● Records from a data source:
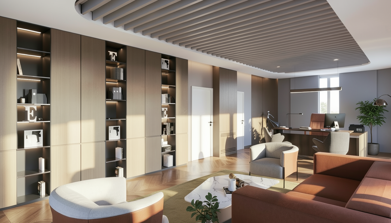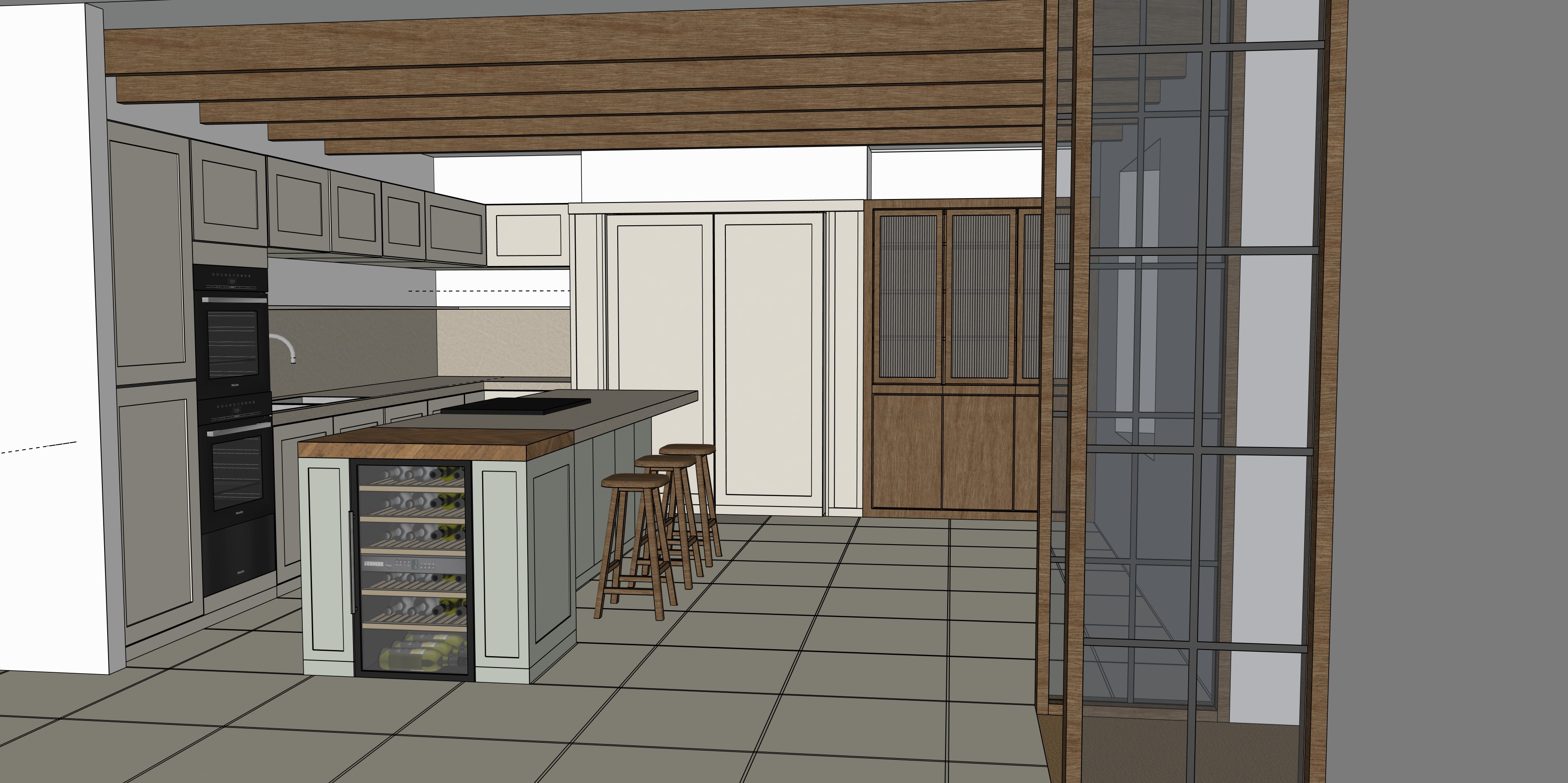 add an eight seater dining table to the right hand side of the image add reeded glass to the right rear unit add pantry items to the centre rear unit add three only glass pendant lights above the kitchen island change nothing else within the image
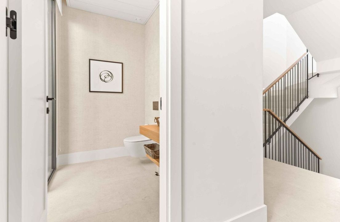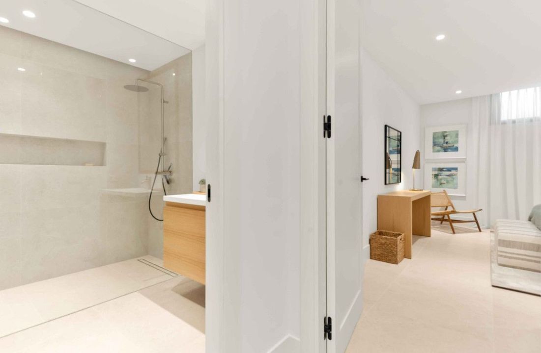 The bedroom distribution includes five bedrooms with integrated storage and a balanced layout between private and shared zones. The primary suite benefits from direct access to a terrace and includes an en-suite bathroom. Additional bedrooms are arranged to maintain privacy while remaining connected to the main circulation areas. Bathrooms are finished with contemporary materials, and the inclusion of a guest toilet supports daily functionality.
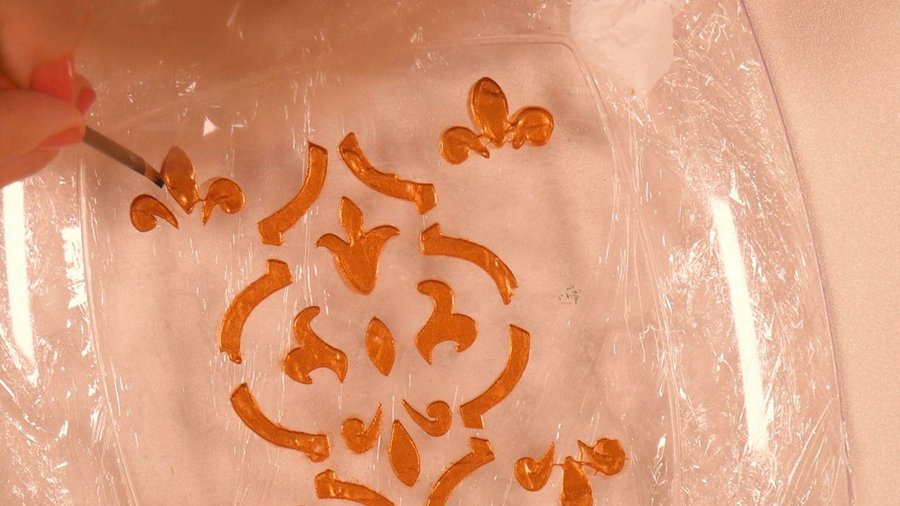 Mientras esta parse se secaba con glitter de 2 colores comencé a hacer un borde guiándome por la marca del plato.
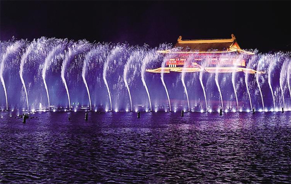 走進吳橋雜技大世界景區(qū),五湖四海的游客云集于此。蹬大缸、頂方桌、上刀山、吹嗩吶、獨輪車、古彩戲法、魔術雜?!实谋硌葺喎详?,引得游客掌聲四起。省級非物質(zhì)文化遺產(chǎn)雜技嗩吶代表性傳承人“吹破天”何樹森,是吳橋雜技大世界“新江湖八大怪”之一。在“吹破天”劇場,何樹森頭頂暖水壺吹嗩吶,不但能用嘴吹還能用鼻子吹,甚至還能吹茶壺,將雜技與嗩吶完美結合?!按筮\河在吳橋縣穿境而過,賦予了‘雜技之鄉(xiāng)’別樣韻味。這些年,我通過演出不斷展現(xiàn)非遺魅力,同時手把手教學授藝,希望把這門技藝永久傳承下去?!焙螛渖f。這兩年,我市還精心創(chuàng)作文學藝術精品,組織“大運·長歌”長幅畫卷和“大運河·故鄉(xiāng)情”主題歌曲創(chuàng)作,編印中國大運河(滄州段)非遺攝影集萃,舉辦2022年“文化和自然遺產(chǎn)日”暨滄州市非遺購物節(jié),讓大運河更加流光溢彩,以文化引領高質(zhì)量發(fā)展。突出科學利用,創(chuàng)新融合發(fā)展思路走進園博園,伴隨悠揚的音樂聲響起,映月湖中一簇簇水柱噴涌而出,瞬間形成數(shù)十米高的噴泉水簾,時而剛勁有力,時而婀娜多姿。在噴泉水簾的舞動與環(huán)繞下,包含滄州鐵獅子、武術等文化符號的水幕電影正式上演。一時間,水柱、燈光、音樂、激光……多種元素交相輝映,為市民帶來一場視聽盛宴。
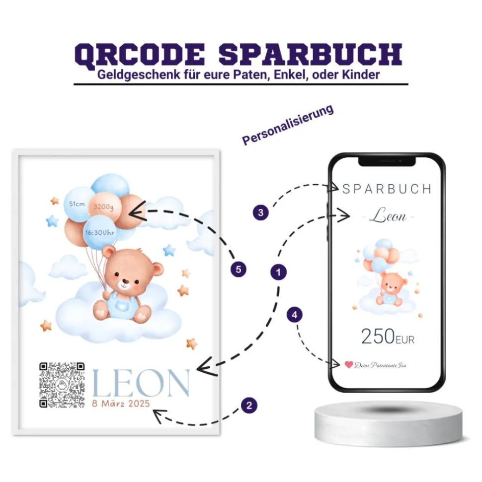 Geldgeschenk zur Geburt | Digitales Sparbuch | Personalisiertes QrCode Bild | Motiv Geburt Blau
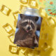 Fotografia animal fantástica para personalizar com uma legenda divertida. Um guaxinim bonitinho quase jogando a língua para fora.
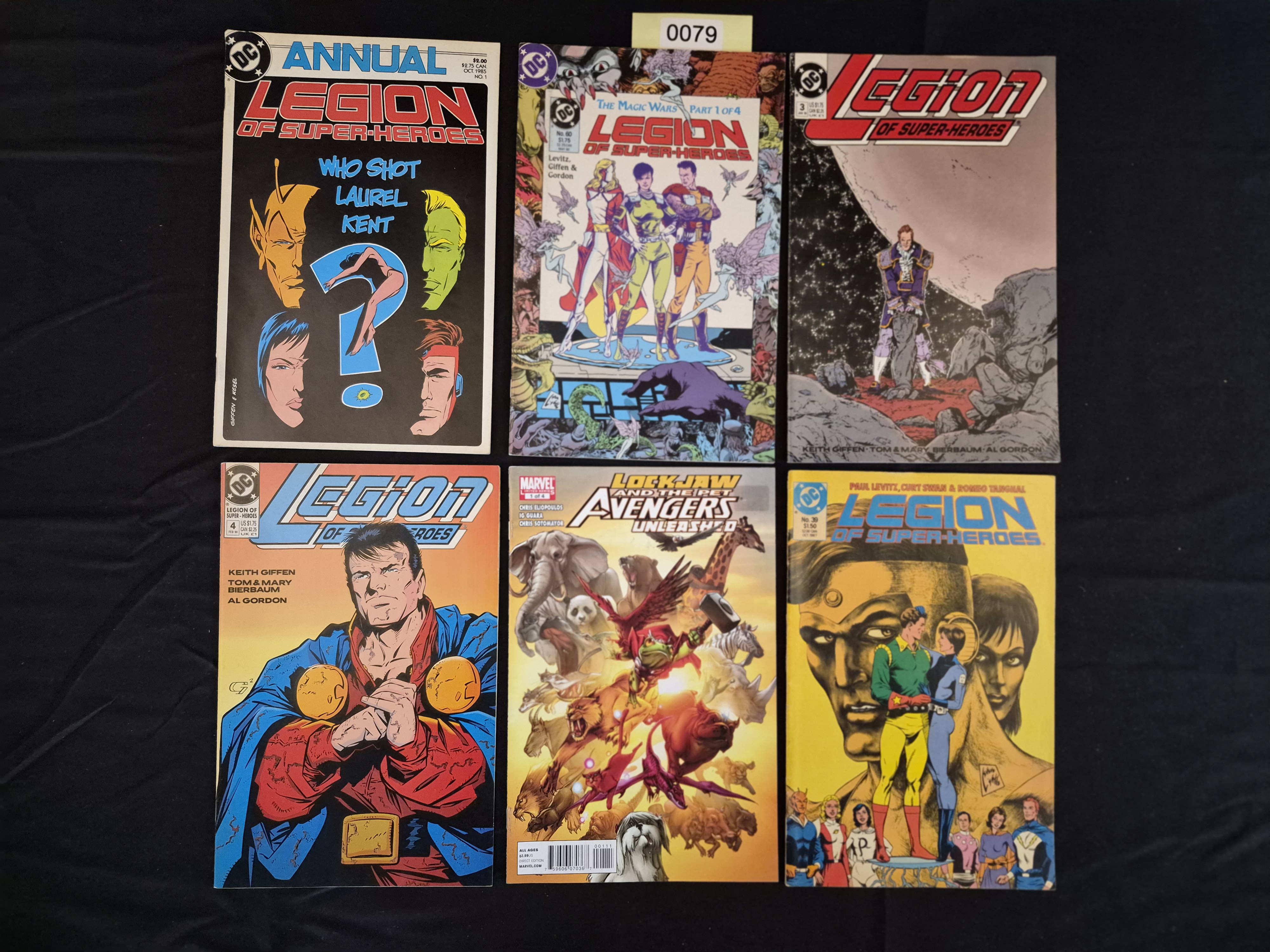 BID PER WHAT YOU SEE IN THE PHOTO, NOT THE AI GENERATED TITLES AND DESCRIPTIONS! The collection consists of 6 individual American comic books constructed of staple-bound paper and cardstock covers, featuring full-color illustrations typical of the superhero genre. The lot is predominantly focused on the DC Comics title *Legion of Super-Heroes* from the Modern Age, dating primarily from the mid-1980s to 1990s, often associated with the ‘Five Years Later’ era (Volume 4). The DC issues include *Legion of Super-Heroes* Annual No. 1 (Oct 1985, priced $2.00), *Legion of Super-Heroes* No. 60 (The Magic Wars Part 1 of 4, priced $1.75), *Legion of Super-Heroes* No. 3 (priced $1.75), *Legion of Super-Heroes* No. 4 (Feb 1990, priced $1.75), and *Legion of Super-Heroes* No. 39 (Dec 1987, priced $1.50). The collection also includes one Marvel Comics title, *Lockjaw and the Pet Avengers Unleashed* No. 1 of 4 (priced $2.99 US). A white inventory slip marked “0079” is affixed to the top edge of the middle comic in the top row.

● Instructions for the task: Without the pictures, repeat the entries above line by line, from the first through the one that contains "Mientras esta parse", both ends included.

● Reply to the exercise:
 add an eight seater dining table to the right hand side of the image add reeded glass to the right rear unit add pantry items to the centre rear unit add three only glass pendant lights above the kitchen island change nothing else within the image
 The bedroom distribution includes five bedrooms with integrated storage and a balanced layout between private and shared zones. The primary suite benefits from direct access to a terrace and includes an en-suite bathroom. Additional bedrooms are arranged to maintain privacy while remaining connected to the main circulation areas. Bathrooms are finished with contemporary materials, and the inclusion of a guest toilet supports daily functionality.
 Mientras esta parse se secaba con glitter de 2 colores comencé a hacer un borde guiándome por la marca del plato.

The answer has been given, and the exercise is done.